Aggregate functions operate on a set of values to compute a single result. Please refer to PostgreSQL for usage of standard SQL functions.
approx_distinct(x) -> uint64 returns the approximate number (HyperLogLog) of distinct input values
approx_median(x) -> x returns the approximate median of input values. it is an alias of approx_percentile_cont(x, 0.5).
approx_percentile_cont(x, p) -> x return the approximate percentile (TDigest) of input values, where p is a float64 between 0 and 1 (inclusive).
It supports raw data as input and build Tdigest sketches during query time, and is approximately equal to approx_percentile_cont_with_weight(x, 1, p).
approx_percentile_cont(x, p, n) -> x return the approximate percentile (TDigest) of input values, where p is a float64 between 0 and 1 (inclusive),
and n (default 100) is the number of centroids in Tdigest which means that if there are n or fewer unique values in x, you can expect an exact result.

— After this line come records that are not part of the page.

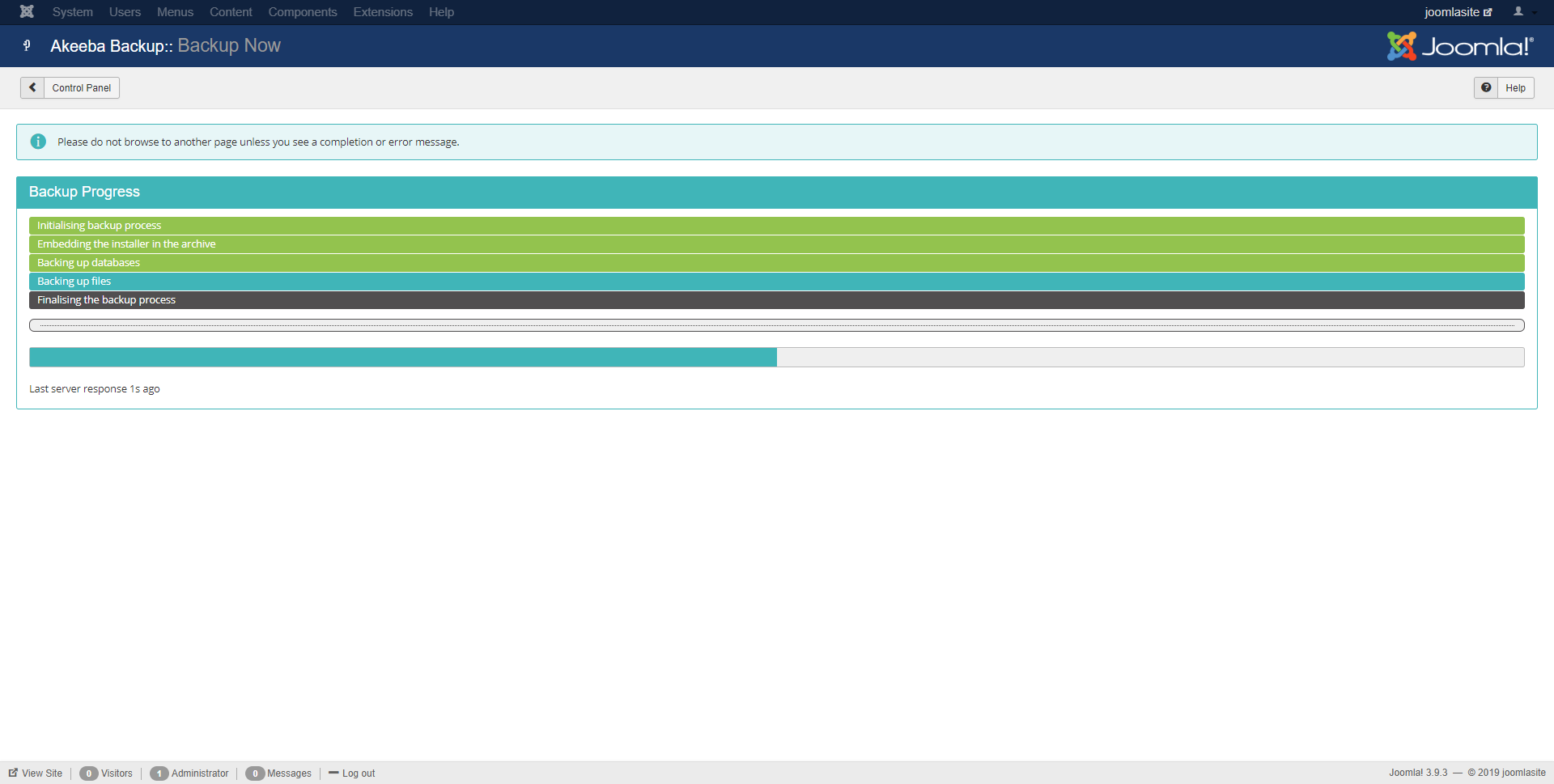 Wir empfehlen dringend das regelmäßige Erstellen von Backups Ihrer Joomla-Seite. Falls irgendwann etwas mit Ihrer Webseite schief gehen sollte, können Sie ein kürzlich erstelltes Backup innerhalb von Minuten wiederherstellen.
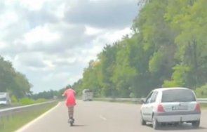 БЕЗУМИЕ! Жена хвърчи с тротинетка по автомагистрала "Хемус"
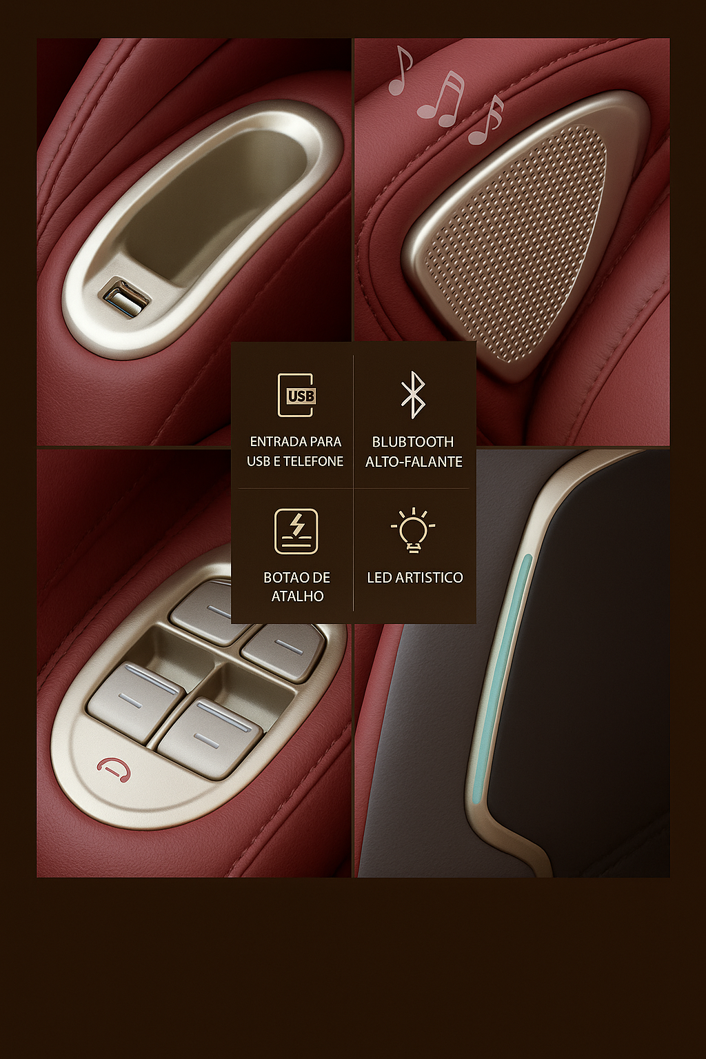 Transforme cada sessão de massagem em um momento de total relaxamento, conectando seu smartphone via Bluetooth para ouvir suas músicas favoritas ou sons relaxantes enquanto aproveita cada movimento.

A higher value of n results in a more accurate approximation and the cost of higher memory usage.
approx_percentile_cont_with_weight(x, w, p) -> x returns the approximate percentile (TDigest) of input values with weight, where w is weight column expression and p is a float64 between 0 and 1 (inclusive).
It supports raw data as input or pre-aggregated TDigest sketches, then builds or merges Tdigest sketches during query time. TDigest sketches are a list of centroid (x, w), where x stands for mean and w stands for weight.
It is suitable for low latency OLAP system where a streaming compute engine (e.g. Spark Streaming/Flink) pre-aggregates data to a data store, then queries using Datafusion.